Мы с Чакки вышли из магазина.
Я шел в квартиру со странным чувством душевного подъема и одновременного смятения.
Было около десяти, когда я закончил вечерний ритуал для Чака с душем и кормлением и прикидывал, стоит мне поесть и помыться самому, или же я совсем не голоден и чист в достаточной степени, чтобы снова набрать номер телефона, который выписал себе на отдельный лист, чтобы не забыть, и хранил в общей стопке вместе с письмом.
Что я стану делать, если никто не поднимет трубку?
Я перезвоню завтра.
Что я стану делать, если трубку подымет твоя матушка?
Я попрошу тебя к телефону.
Что я стану делать, если она не захочет передавать трубку, сославшись на то, что ты спишь?
Я перезвоню завтра.
Что если завтра все повториться? Что если?..
Я не знаю. Наверное, я просто пойду в ту квартиру. Позвоню не по телефону, а в дверь. Я ведь знаю, где ты. Я знаю, что ты там. И я знаю, что хочу поговорить с тобой. Я знаю это…
— Марта?..
— Да. Кто это?..
На какое-то время меня практически парализовало. Я прекратил дышать. Все, о чем я думал, к чему мысленно готовился, вывалилось из головы. Мой ступор мог продолжался и дальше. Наверное, я бы положил в конце концов трубку, если бы не вспомнил, как много уже сделал, чтобы добиться этого звонка.
— Марта… — выронил я.
— Да. Вас плохо слышно. Алло? Кто это?
— Марта, это я… Джет.
— Джет?..
— Джет Ривер. Марта, это я.
Ты замолчала.
Может, приняла это сообщение за неудачную шутку. А может, поверила сразу, но не нашлась, как реагировать. Я должен был сказать еще что-то. Выдавить нечто убедительное, а я не знал, чем удержать эту хрупкую нить беседы.

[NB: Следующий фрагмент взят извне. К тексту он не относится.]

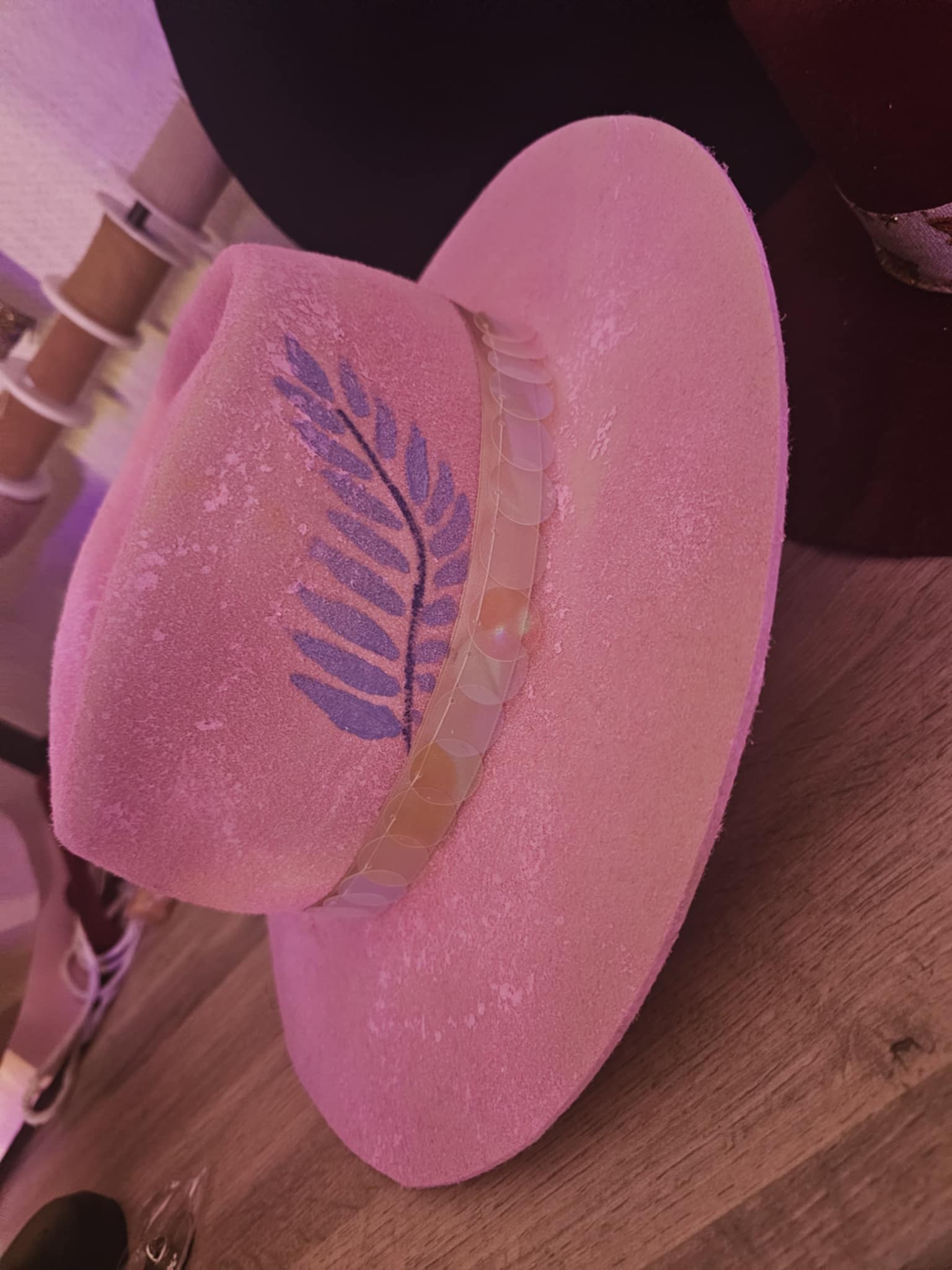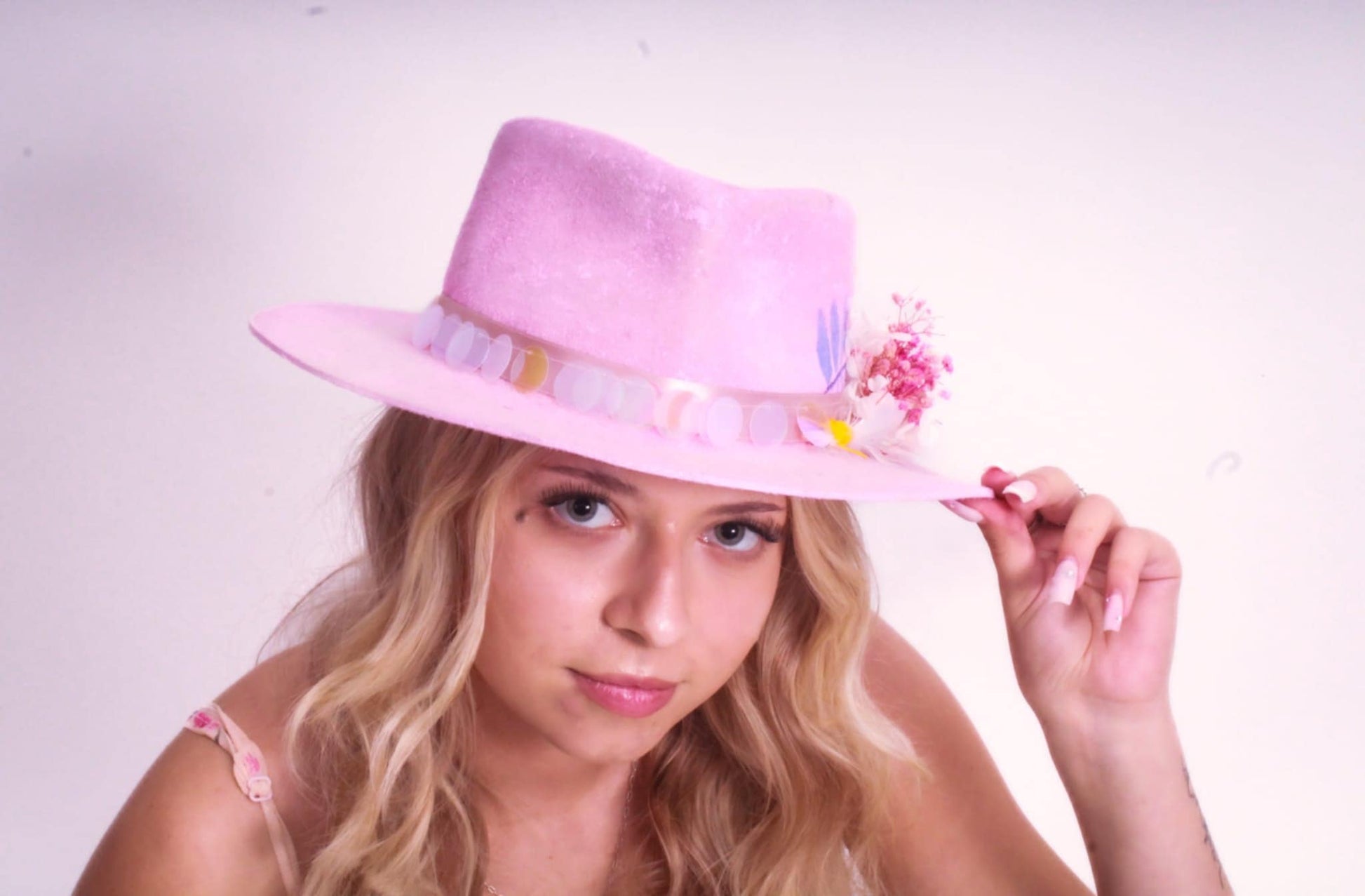This pastel pink hat features a playful love heart crown, hand-painted blue leaf, a shimmer band of pearlescent discs, and a burst of pink-and-purple florals.

— Марта, — сказал я, — мне хотелось бы увидеться с тобой.
— Увидеться?
— Да, мне хотелось бы увидеться и поговорить.
— Джет, я не понимаю, зачем нам видеться.
— Я хочу поговорить.
— О чем?
— Марта, я хочу увидеться и поговорить, — с нажимом повторил я. — Давай встретимся в кофейне Фила. Ты помнишь это место? Если возможно, завтра? Назови любой час.
— Джет, это глупо, — сказала ты будто бы печально, но печаль эту пыталась всеми силами скрыть от меня.
Возможно, мне лишь захотелось услышать печаль, а говорила ты просто равнодушно. И даже будь это так, что никакой печали нет, я не мог сдаться.
— Марта, послушай, если хочешь, встретимся в другом месте или в другой день. Просто скажи, когда сможешь.
— Джет, нам не за чем видеться. Поверь. Не звони мне больше.
Звонок прервался. Как-то неестественно и грубо. Я услышал короткие гудки. И слушал их еще долго. Сложно было смириться с тем, что я их слышу. Это не вязалось ни с чем из того, к чему я готовился. А ты просто положила трубку. Вот и все.
Нет. Так не должно быть! Так нельзя! Марта, черт возьми! Марта!
— Марта!..
Не уверен, что мой крик кто-то слышал. В этот раз гудки раздались быстрее, чем кто-либо мог успеть поднести телефон к уху и принять решение сбросить вызов. Я набрал снова. И снова гудки.
Да чтоб тебя!..
Чак выскочил из угла, чтобы прийти мне на помощь, потому что я орал в ярости как чокнутый, ничего не соображая. Я снес телефон со стола. Чакки опасливо понюхал его обломки и поглядел на меня, будто бы спрашивая: «В чем дело, приятель?»
— Дерьмово все, Чак! — завопил я на собаку.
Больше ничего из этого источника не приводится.